INFORMATION Block Start

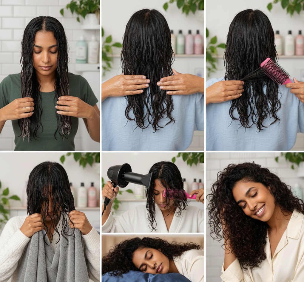 الحصول على شعر المجعد في المنزل يعتمد بشكل أساسي على الترطيب والتكنيك الصحيح. إليكِ الخطوات الأساسية للحصول على تموجات محددة ولامعة:
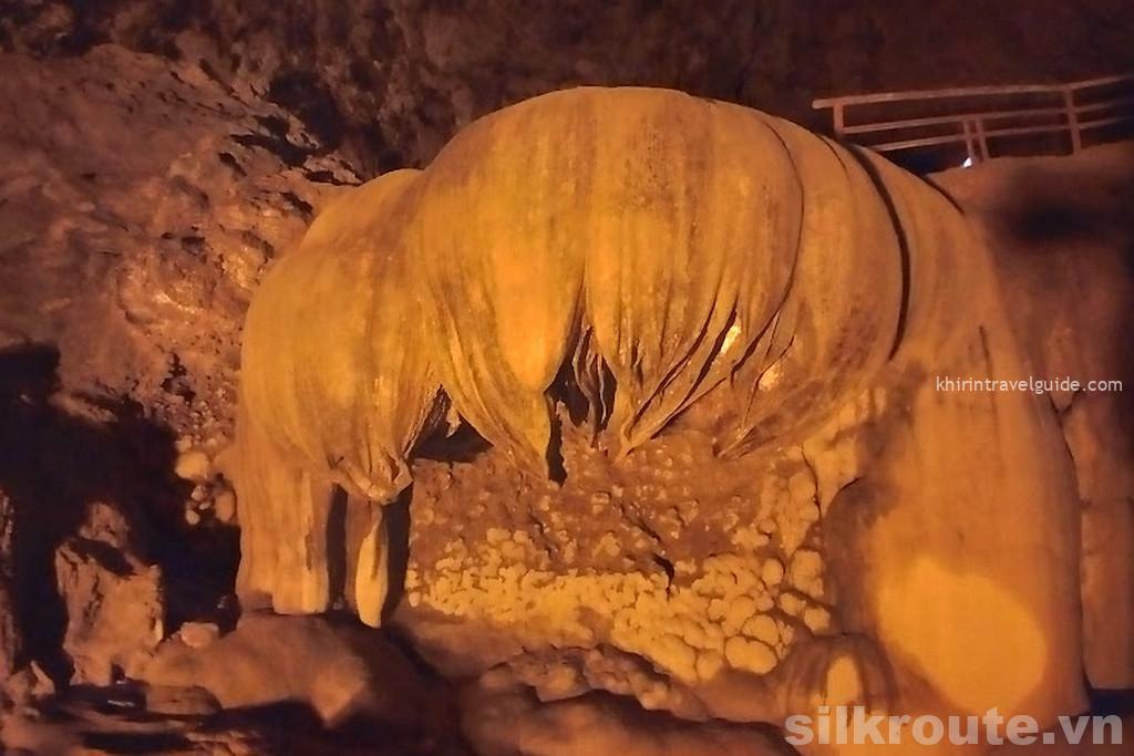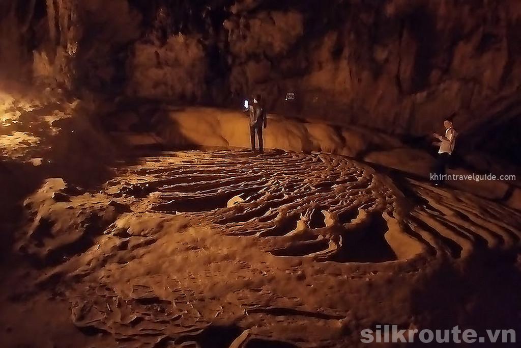 There are a few places where the passage is only Có một số đoạn thấp chừng 1m high, you need to bend to go through. There are other places where water is dripping, testifing for the on going proccess of stalactite formation, however, it may be slippery there. Be sure to carry a flashlight with you and don’t miss the this amazing place.
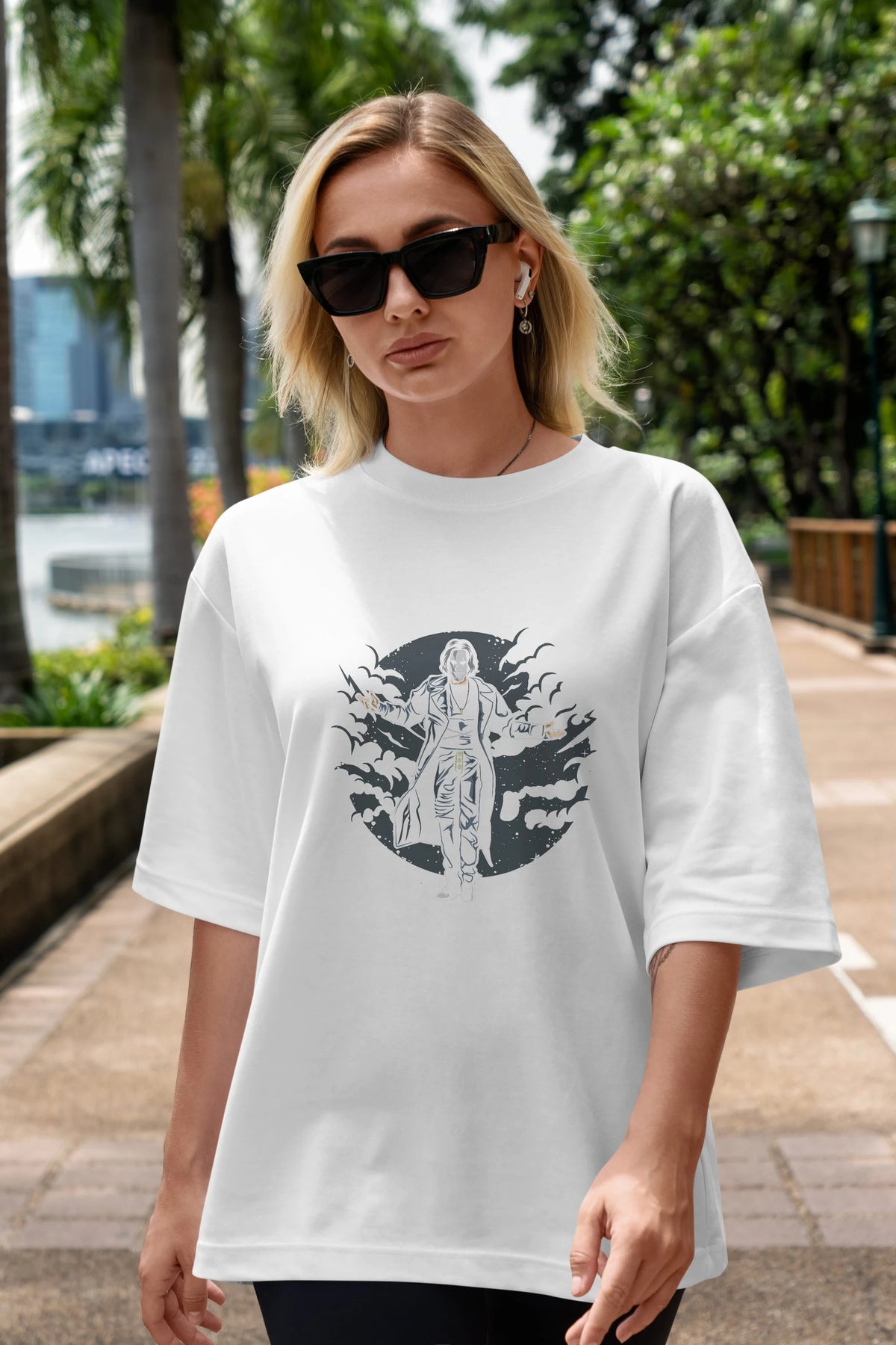 Hem erkekler hem de kadınlar için uygun, taze, modern bir baskıya sahip baskılı oversize t-shirt.
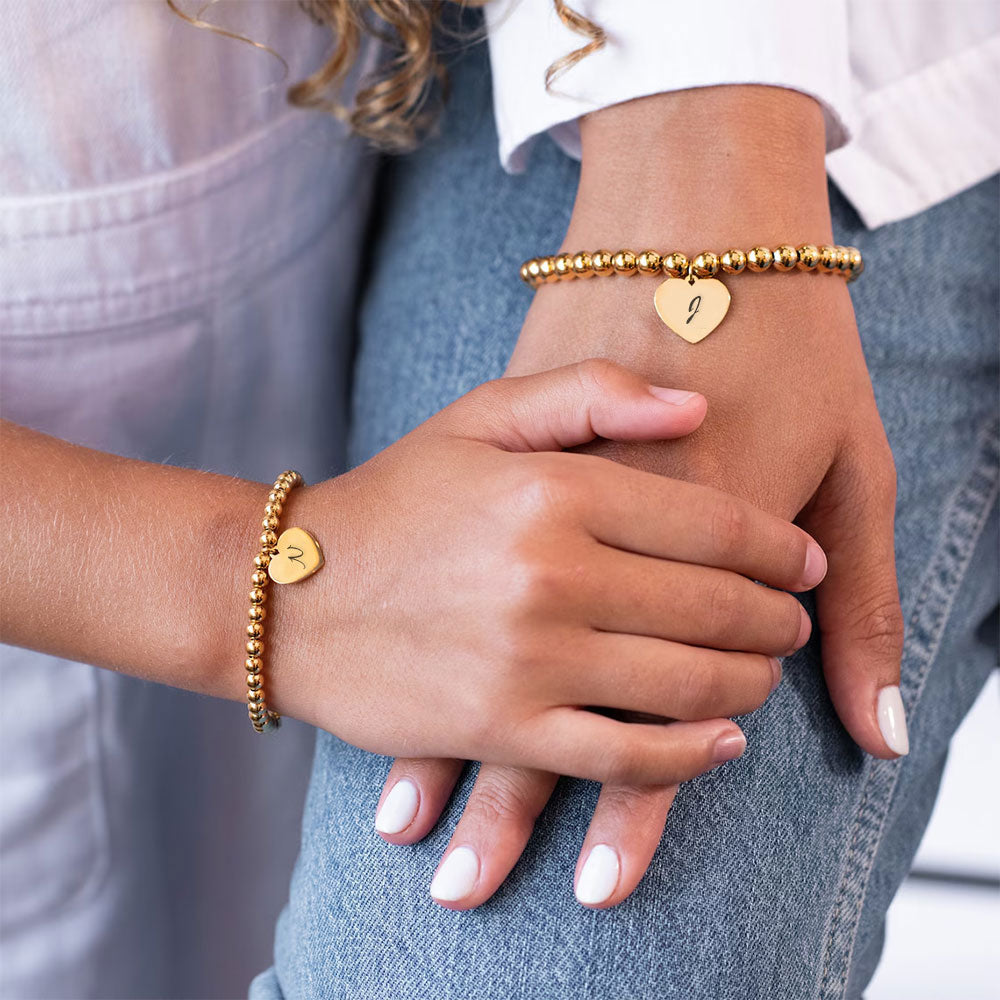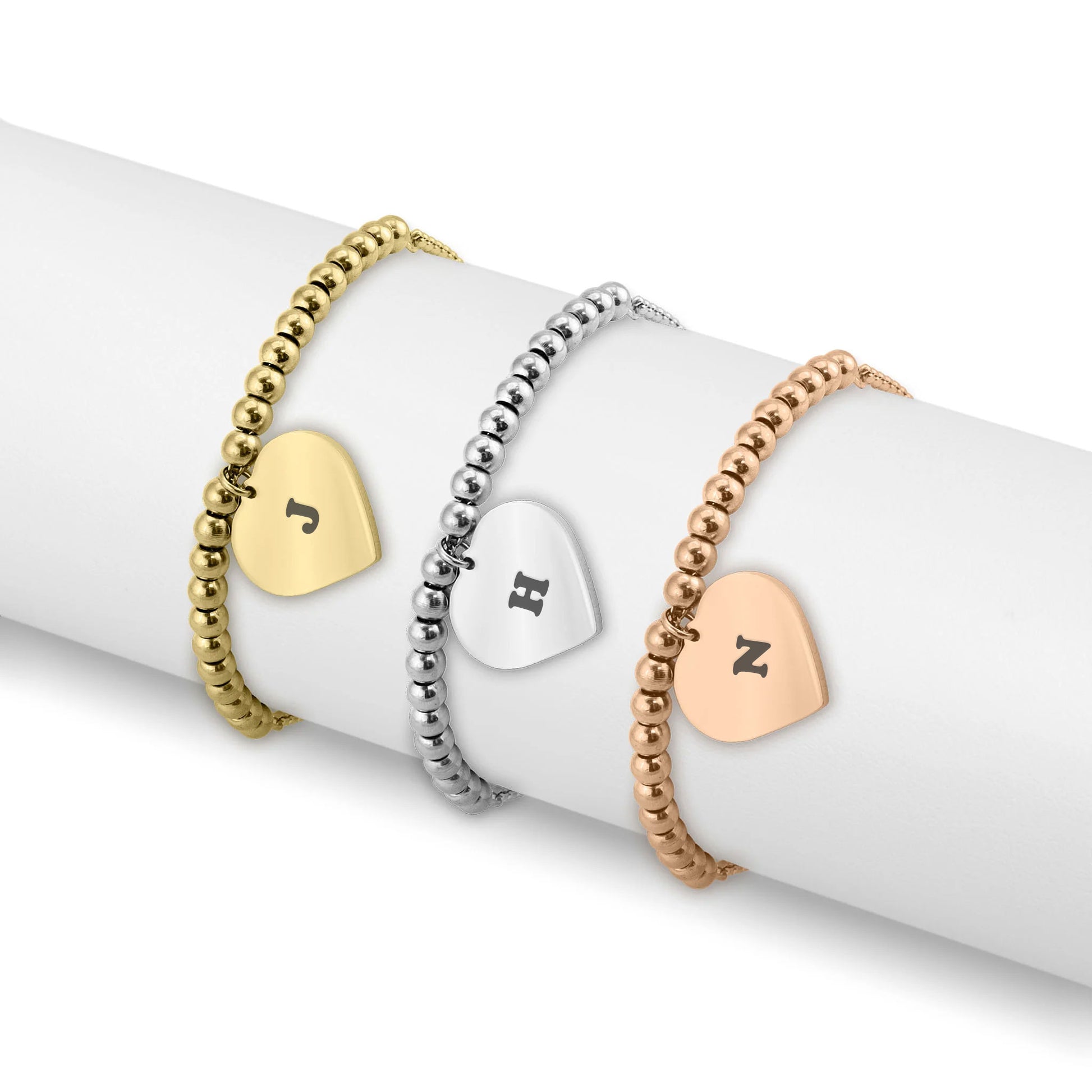 Indulge in effortless elegance with our Initial Heart Beaded Bracelet. This exquisite piece features a delicate heart charm engraved with your chosen initial, expertly crafted with shimmering beads. Elevate any outfit and make a personal statement with this luxurious accessory.
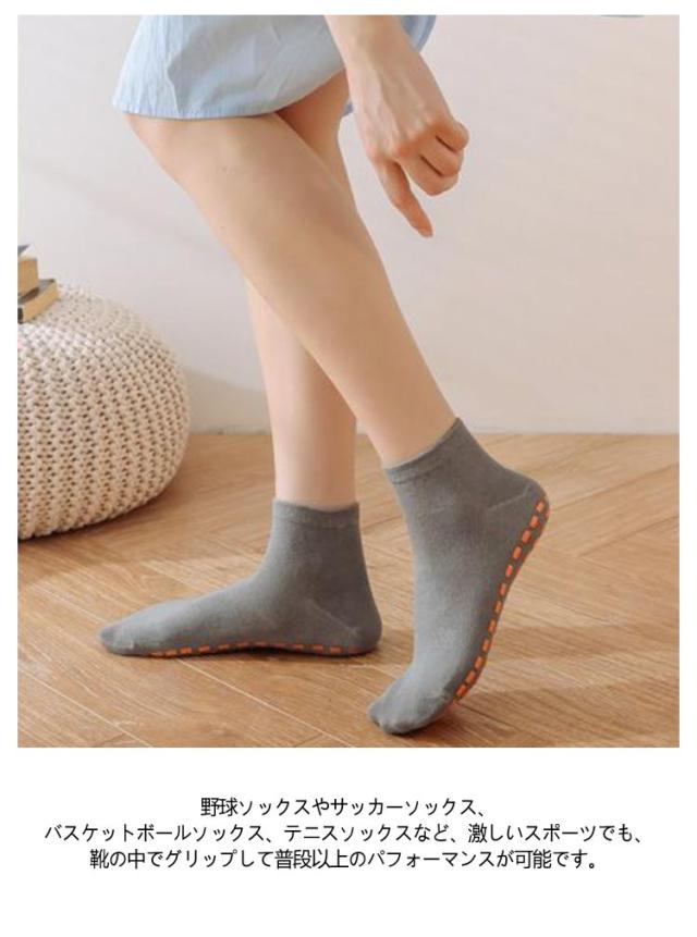 | ヨガやトレーニングなど、室内スポーツに最適◎ シリコン製滑り止め付きのヨガソックスです。 ソール一面のスーパーグリップ素材の滑り止めが付いた、とにかく滑らない!裸足に近いグリップ感が得られます。 各種スポーツやデイリーに使えるアンクル丈。薄めの素材で速乾性もあります。 普段使いはもちろん、スポーツやダンス、ヨガなどにも良いですね。 野球ソックスやサッカーソックス、バスケットボールソックス、テニスソックスなど、激しいスポーツでも、靴の中でグリップして普段以上のパフォーマンスが可能です。 ヨガソックスとしても、裸足よりも滑らないのでオススメです。 | |
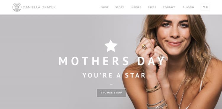 The homepage of Daniella Draper is a good example of a hero image in use. It looks like a natural part of the design and at the same time focuses user attention on a current promotion.
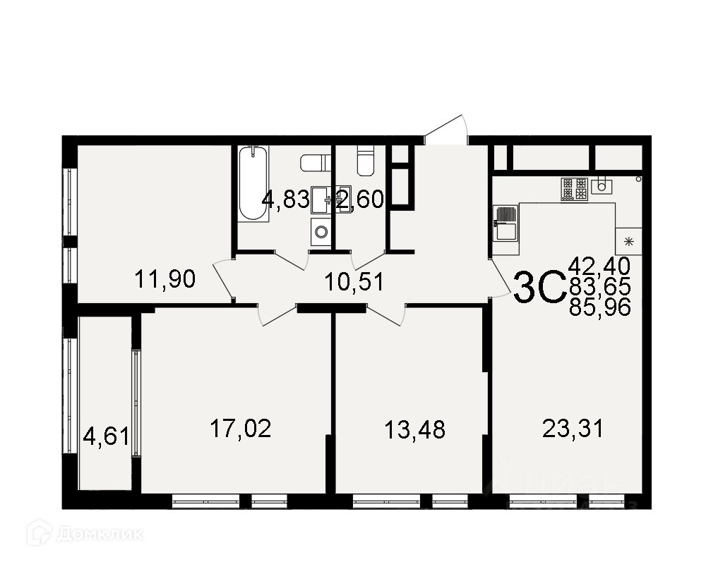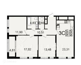 3 комн. квартира в ЖК "Открытие", площадь 85.96 м², жилая 42.4 м², кухня 23.31 м²
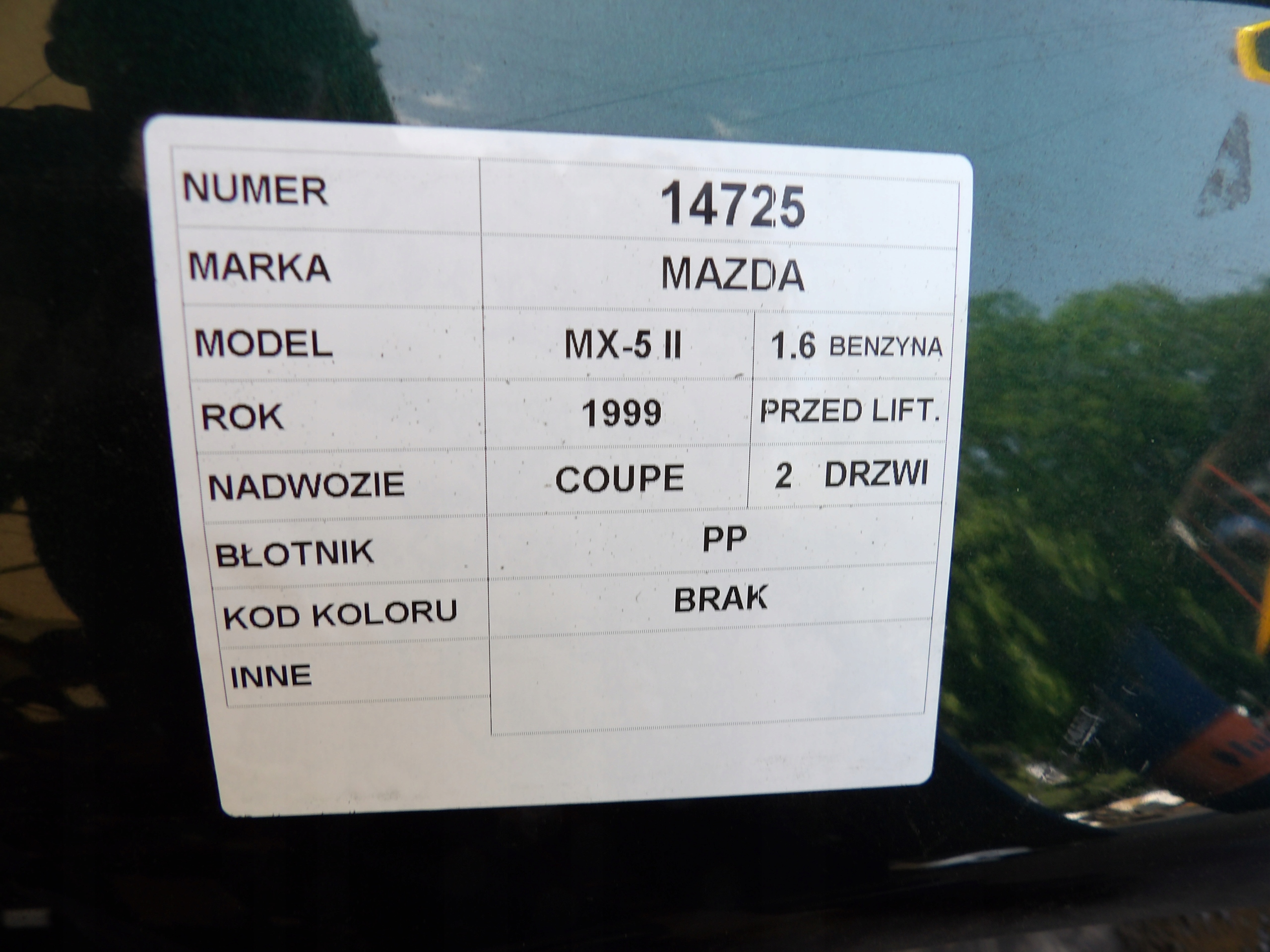 | Каталожний номер деталі: | Mazda MX-5 II błotnik PP |

INFORMATION Block End

**WORK REQUIRED:** Please transcribe exactly the lines from the one containing "There are a" through the last line of the records above, both included, and leave out every picture.

**REPLY:**
 There are a few places where the passage is only Có một số đoạn thấp chừng 1m high, you need to bend to go through. There are other places where water is dripping, testifing for the on going proccess of stalactite formation, however, it may be slippery there. Be sure to carry a flashlight with you and don’t miss the this amazing place.
 Hem erkekler hem de kadınlar için uygun, taze, modern bir baskıya sahip baskılı oversize t-shirt.
 Indulge in effortless elegance with our Initial Heart Beaded Bracelet. This exquisite piece features a delicate heart charm engraved with your chosen initial, expertly crafted with shimmering beads. Elevate any outfit and make a personal statement with this luxurious accessory.
 | ヨガやトレーニングなど、室内スポーツに最適◎ シリコン製滑り止め付きのヨガソックスです。 ソール一面のスーパーグリップ素材の滑り止めが付いた、とにかく滑らない!裸足に近いグリップ感が得られます。 各種スポーツやデイリーに使えるアンクル丈。薄めの素材で速乾性もあります。 普段使いはもちろん、スポーツやダンス、ヨガなどにも良いですね。 野球ソックスやサッカーソックス、バスケットボールソックス、テニスソックスなど、激しいスポーツでも、靴の中でグリップして普段以上のパフォーマンスが可能です。 ヨガソックスとしても、裸足よりも滑らないのでオススメです。 | |
 The homepage of Daniella Draper is a good example of a hero image in use. It looks like a natural part of the design and at the same time focuses user attention on a current promotion.
 3 комн. квартира в ЖК "Открытие", площадь 85.96 м², жилая 42.4 м², кухня 23.31 м²
 | Каталожний номер деталі: | Mazda MX-5 II błotnik PP |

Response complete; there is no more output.